The future of McMansions

The foil to EHO development has long been the so-called McMansion, a pejorative for new single-family homes derided by critics as oversized, cookie cutter and cheaply built.

Some proponents have reasoned that if the zoning code can allow for these buildings housing one family, it should allow structures with the same footprint to house multiple families. Now, the question is whether large single-family homes might see additional county scrutiny.

The Arlington County Board has encouraged staff to prioritize studying lot coverage and building placement standards to find ways to preserve trees from being cut down. The new zoning code requires between four and eight trees per unit on properties developed with EHOs.
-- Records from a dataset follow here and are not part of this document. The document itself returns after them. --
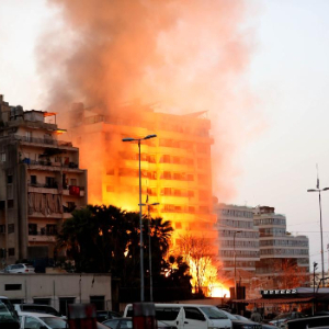 3月12日,黎巴嫩贝鲁特一处建筑在以色列空袭中被击中。
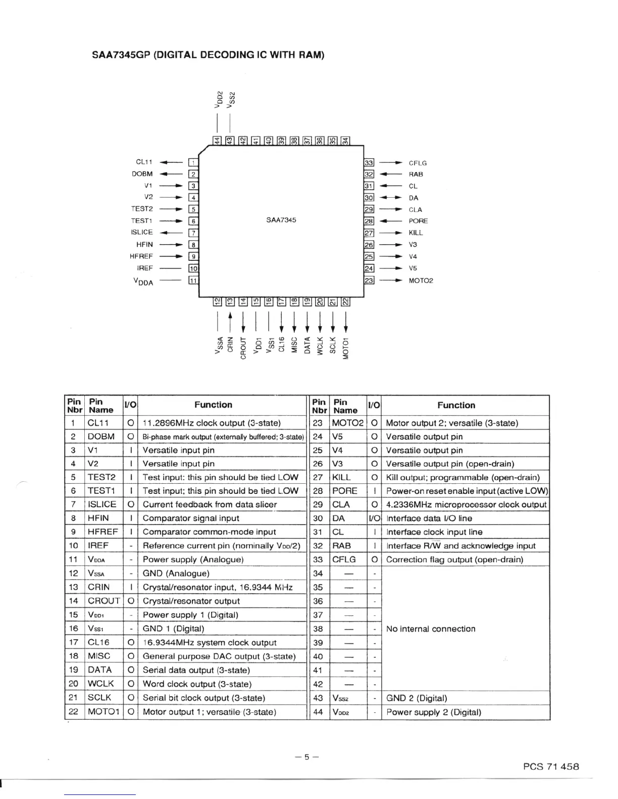 Marantz CD-43 - SAA7345 GP Digital Decoding IC Pinout
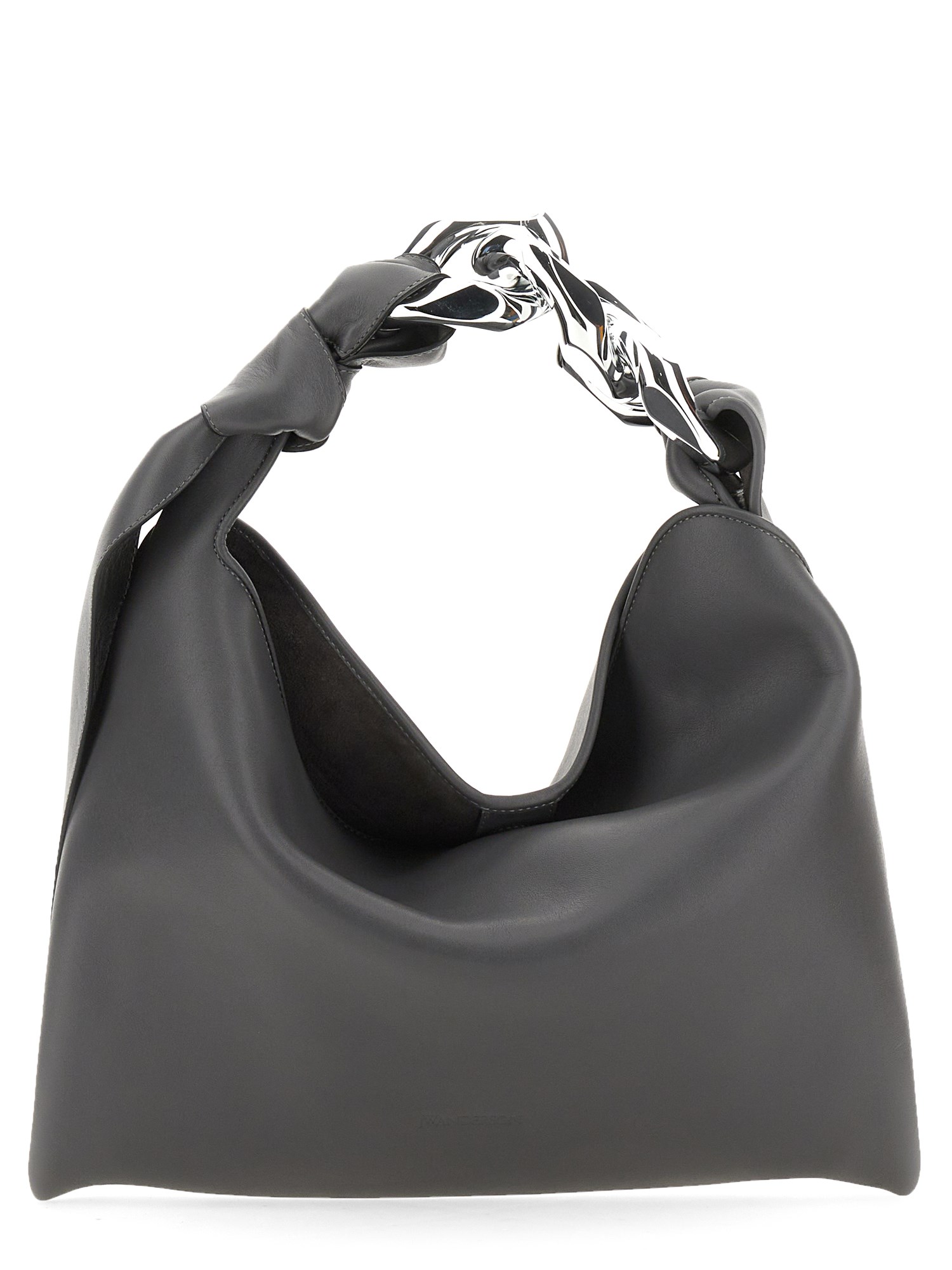 The small chain hobo bag from JW Anderson is the perfect handbag for those who want a bag that is simple and stylish. Adorned with a front logo, the bag features a top handle with three large chain links that are perfect for your day and night outings. The bag is designed with an adjustable knot on the side of the chain and a magnetic closure.
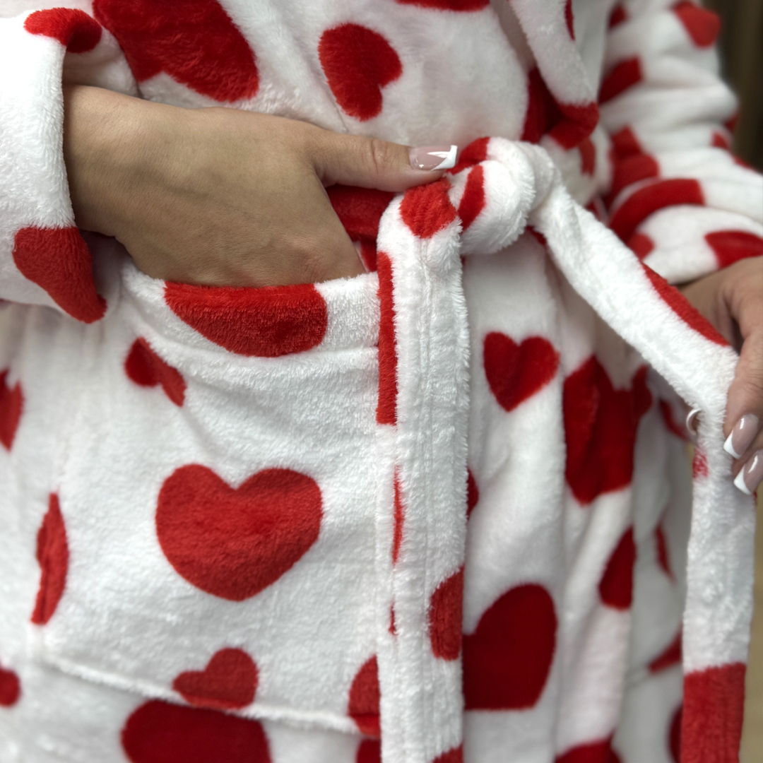 Жіночий плюш-халат - червоні серця
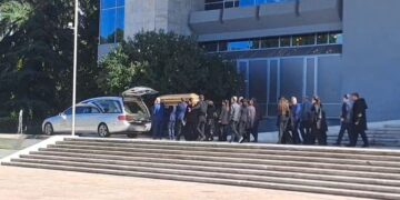 Kanë përfunduar sot në Pallatin e Kongreseve homazhet në nder të gjyqtarit Astrit Kalaja, i cili u vra dy ditë më parë në sallën e gjyqit gjatë ushtrimit të detyrës. Pas përfundimit të ceremonisë mortore, arkëmorti me trupin e tij të pajetë është nisur drejt Shkodrës, ku Kalaja do të prehet në banesën e fundit. … Continue reading Përfundojnë homazhet, përcillet për në Shkodër arkëmorti i gjyqtarit Astrit Kalaja
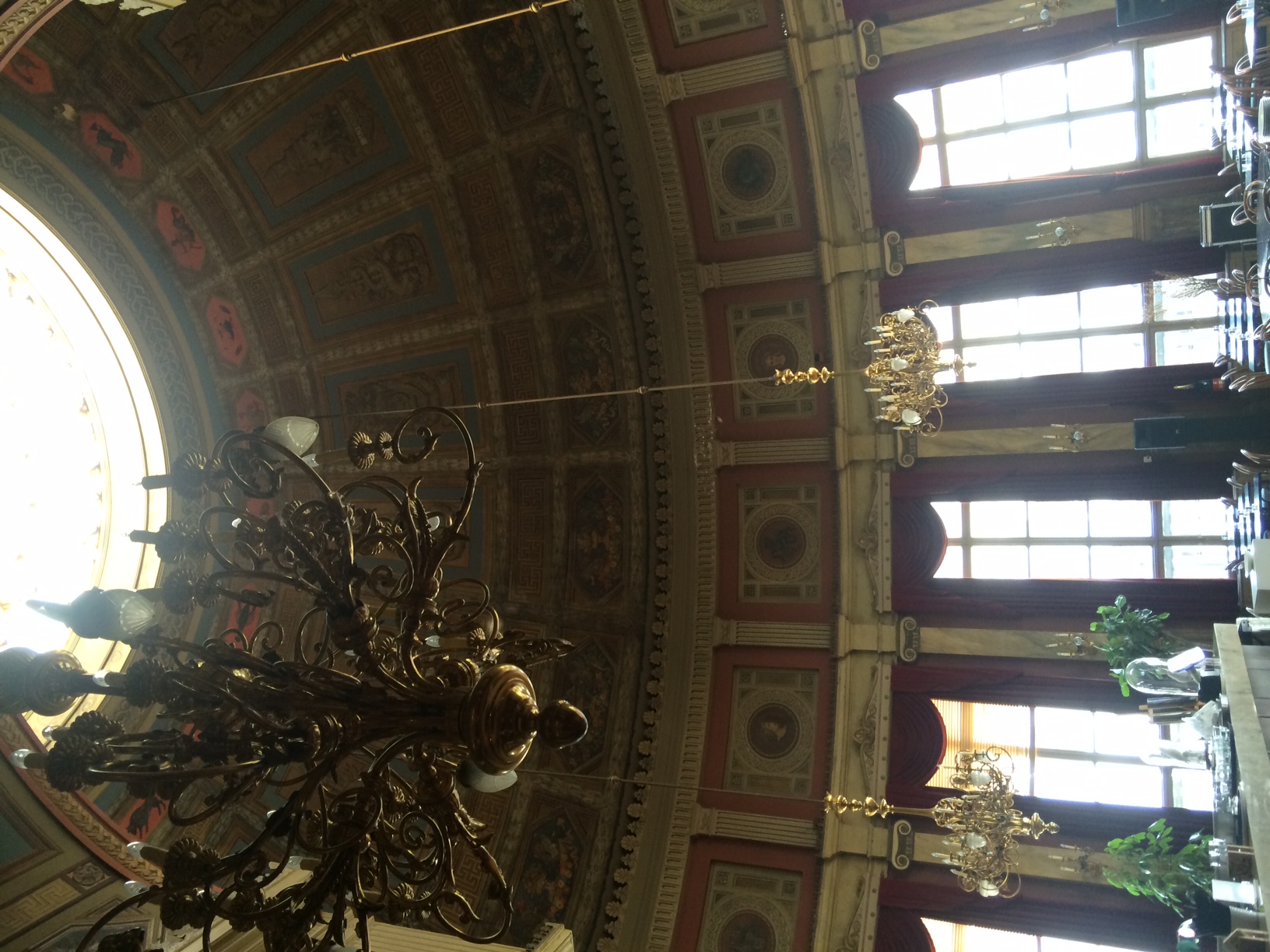 アントワープ「デ・フォイエ」 半ドームの高い天井と豪華なシャンデリアが印象的なレストラン。ここでランチをと思っていたら今は週末のみ営業なのだそう。
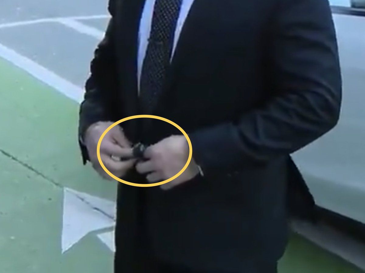 He makes a movement as if he were going to button his jacket but in reality he presses the ring discreetly

Members and Planning Commissioners are also interested in adding to the zoning code a standard for floor area ratio, or the ratio of a building’s base to the size of the lot it is built on.

“We’re hearing a lot about this, I’d love to move it forward faster,” Garvey said during a budget work session with the Department of Community Planning, Housing and Development.

Planning Director Anthony Fusarelli responded that staff may be overextended and that work could not begin until other studies wrapped up in 2024.

Cristol recommended implementing “quick-strike” rule changes for lot coverage that could come out of an update to Arlington’s Forestry and Natural Resources Plan, a final draft of which is expected to be ready this spring or summer.

This will, she said, “really serve this strongly held desire to protect trees in development of low-density properties.”

She warned that without determining community priorities for lot coverage, the county could end up in another contentious policy debate.

“I’m very eager to take up this conversation and I think there are a lot of interesting ideas,” she said. “I hope we can find a little capacity to pursue that goal overall.”